The film follows the original play but is set in modern-day Los Angeles. Because of this, the film has minute changes to suit the new setting. Among them is the "rude mechanicals" who are depicted as filmmakers. Quince is now female and a romantic subplot is added between her and Nick Bottom. Duke Theseus is now a film producer with implied connections to the criminal underworld. The fairies are implied to be forest bohemians, though they still possess magic. Nick Bottom's transformation into an ass is taken quite literally in this version with his face turning into a butt, complete with fart noises.

While the film retains the original Shakespearian dialogue, it will occasionally add new dialogue, some of which reference Shakespeare's other works, for humorous effect.

== Cast ==
- Lily Rabe as Helena
- Hamish Linklater as Lysander
- Finn Wittrock as Demetrius
- Rachael Leigh Cook as Hermia
- Fran Kranz as Bottom
- Avan Jogia as Puck
- Ted Levine as Duke Theseus
- Paz De La Huerta as Hippolyta
- Saul Williams as Oberon
- Mia Doi Todd as Titania
- Charity Wakefield as Quince
- Charlie Carver as Snout
- Max Carver as Snug
- Justine Lupe as Flute

== Production ==
The film was adapted for the screen and directed by Casey Wilder Mott. The production companies were 5B Productions and Empyrean Pictures.

The film's original soundtrack, composed by Mia Doi Todd, features guest appearances by Tunde Adebimpe, Cut Chemist, Dntel, Miguel Atwood-Ferguson, Dungen, and others.

== Release and reception ==
A Midsummer Night's Dream premiered at the Los Angeles Film Festival in June 2017, where it received positive reviews.

The film was acquired for a theatrical release by Brainstorm Media and played at Landmark Theatres and other venues nationwide in the summer of 2018.

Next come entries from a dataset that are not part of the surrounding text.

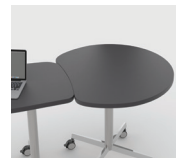
Nested Utility Table
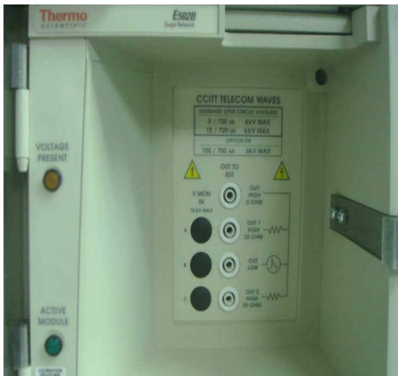
ITU/IEC 10/700 \mu s Model(1.1)
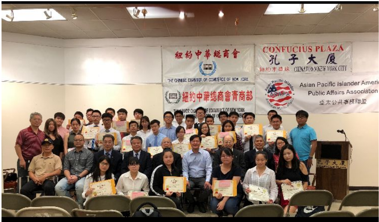
At the summer high school interns' graduation
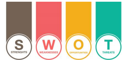
New Cairo, Cairo
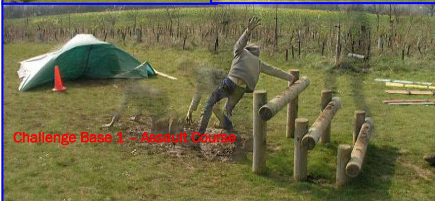
Challenge Base 1 – Assault Course
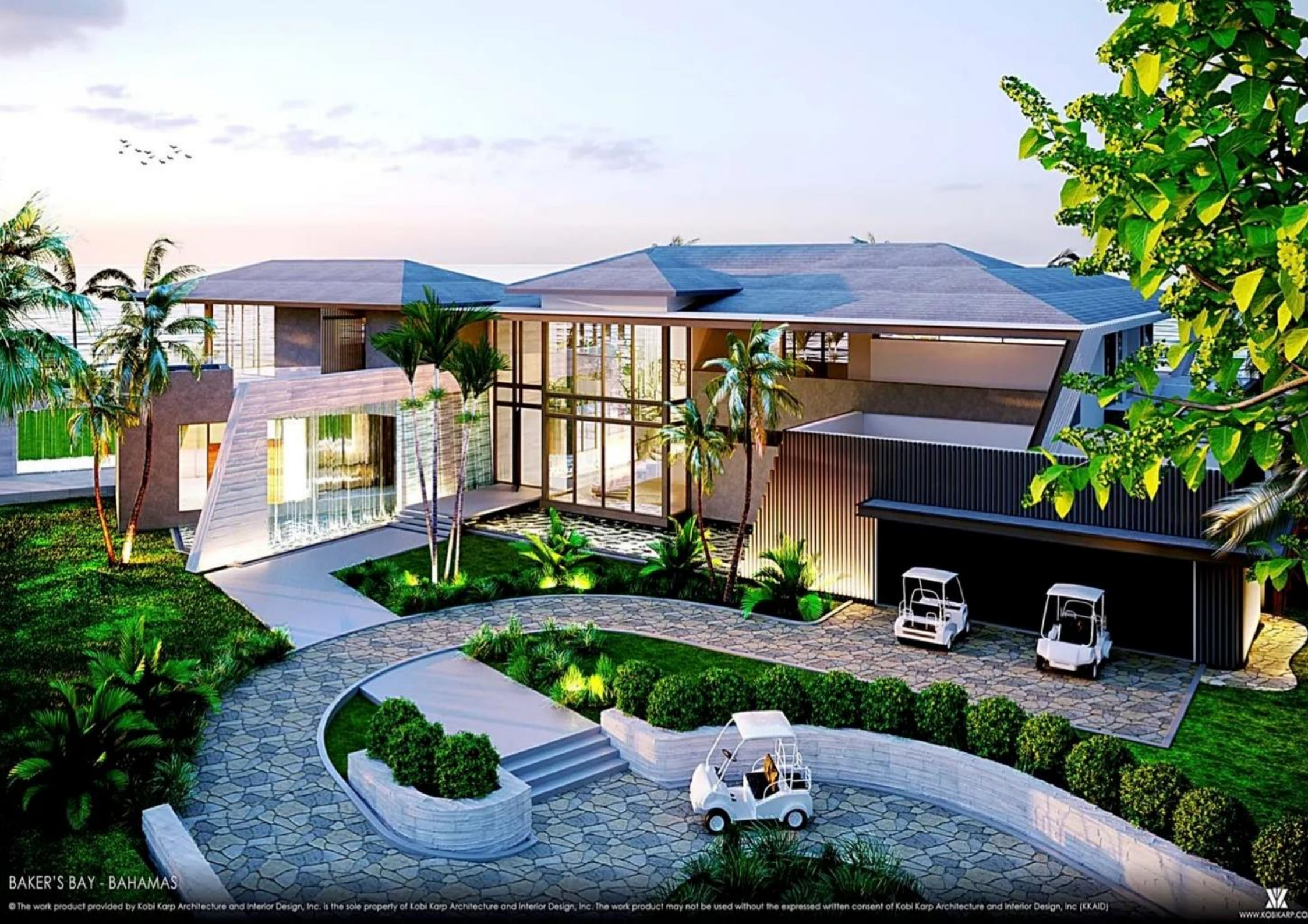
BAKER'S BAY - BAHAMAS

© The work product provided by Kobi Karp Architecture and Interior Design, Inc. is the sole property of Kobi Karp Architecture and Interior Design, Inc. The work product may not be used without the expressed written consent of Kobi Karp Architecture and Interior Design, Inc. (KKAID)

The film received generally positive reviews upon its theatrical opening. On review aggregator Rotten Tomatoes, it holds an approval rating of 65%, based on 17 reviews with an average rating of 6.4/10. Metacritic gives the film a weighted average score of 67 out of 100, based on 8 critics, indicating "generally favorable" reviews.